(Stored data)
^^^^
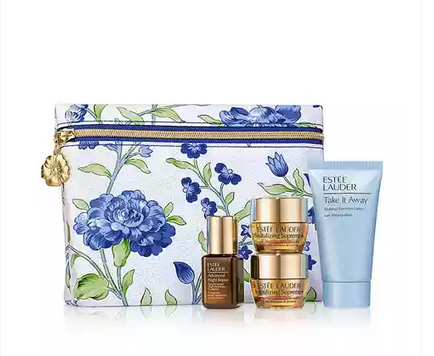 Estee Lauder gift with purchase at NORDSTROM LIVE NOW December 1, 2025 and while supplies last. Receive a cosmetics bag and deluxe samples of Take It Away Makeup Remover Lotion (1 oz.), Advanced Night Repair Synchronized Multi-Recovery Complex Serum (0.23 oz.), Revitalizing Supreme+ Youth Power Cream Moisturizer (0.24 oz.) and Revitalizing Supreme+ Youth Power Eye Cream (0.17 oz.) with your $75 Estée Lauder purchase.
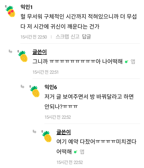 <익들아 나 모텔왔는데 겁나 소름돋아...>
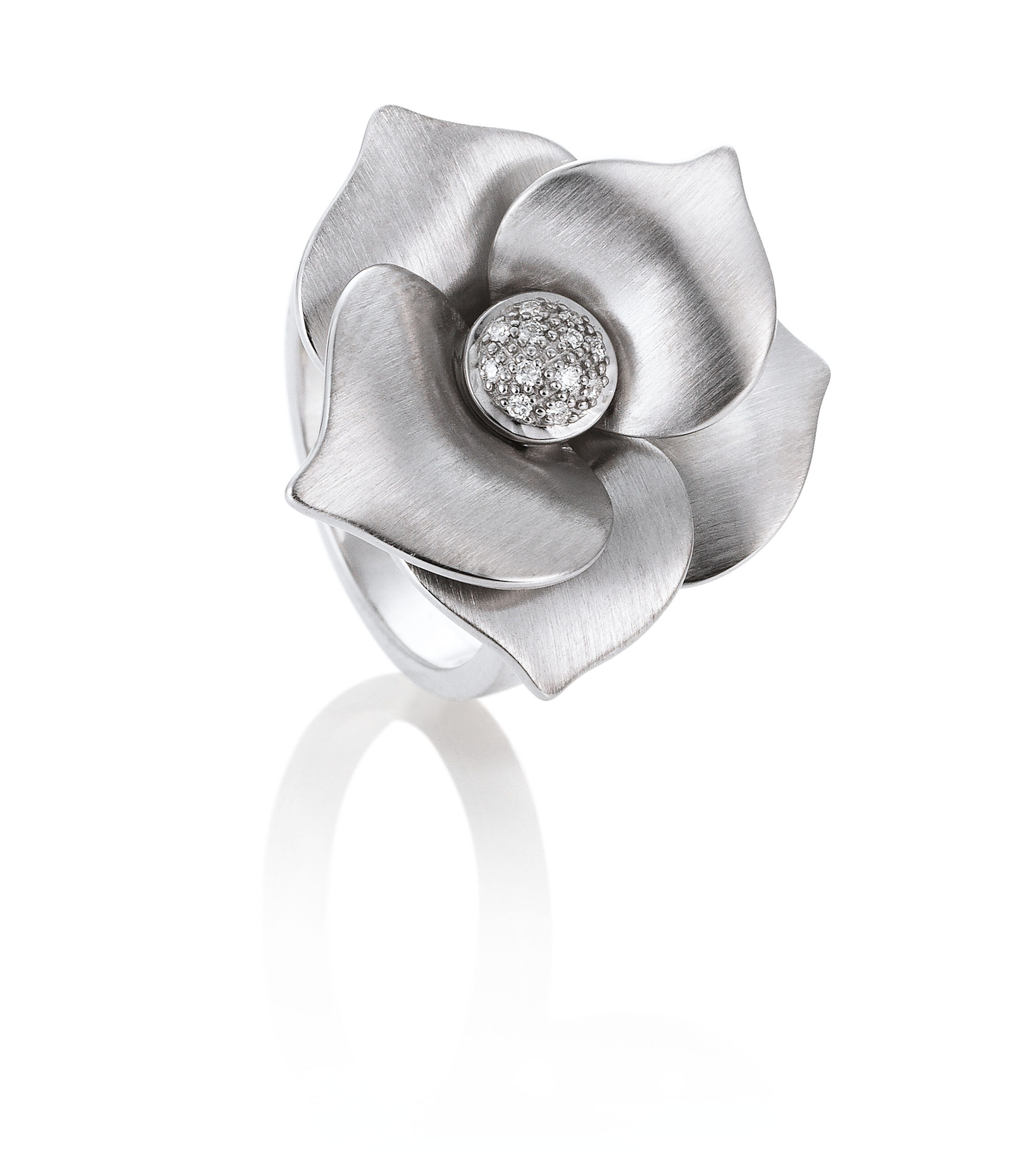 41/05419-0 925/- Rhodium Plated Diamond Silver Ring, 0.066 Ct H/Si
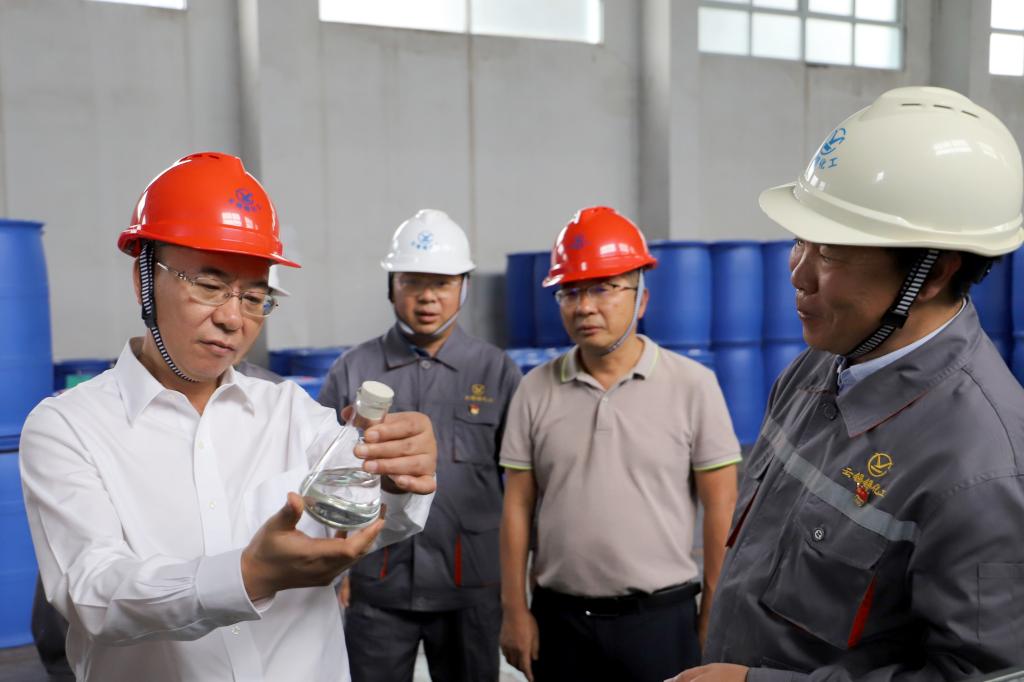 在錫化工有機錫生產基地,孫勇實地查看了丁基錫生產線、丁基錫自動控制室、甲基錫產品庫房及“化合錫世界”綜合展廳,詳細詢問錫化工生產經營情況、產品種類、產品用途、市場優勢及黨建工作開展情況。
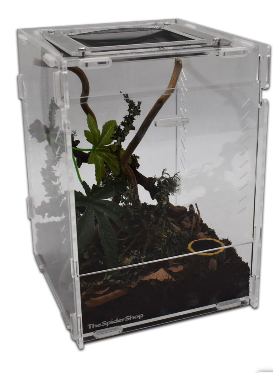A complete Jumping Spider set up that includes a TSS Acrylic arboreal enclosure which is a purpose built enclosure for Jumping Spiders with ultra fine ventilation to stop smaller specimens and fly’s escaping. Also included is décor set to make an attractive display, water bowl, substrate and Atomiser mister. All you need is the Jumping spider and suitable food.
^^^^
* Exercise *
What you return should be only the exact lines from the top of the entries through the line with "<익들아 나 모텔왔는데 겁나 소름돋아...>", minus the pictures.

* Task answer *
 Estee Lauder gift with purchase at NORDSTROM LIVE NOW December 1, 2025 and while supplies last. Receive a cosmetics bag and deluxe samples of Take It Away Makeup Remover Lotion (1 oz.), Advanced Night Repair Synchronized Multi-Recovery Complex Serum (0.23 oz.), Revitalizing Supreme+ Youth Power Cream Moisturizer (0.24 oz.) and Revitalizing Supreme+ Youth Power Eye Cream (0.17 oz.) with your $75 Estée Lauder purchase.
 <익들아 나 모텔왔는데 겁나 소름돋아...>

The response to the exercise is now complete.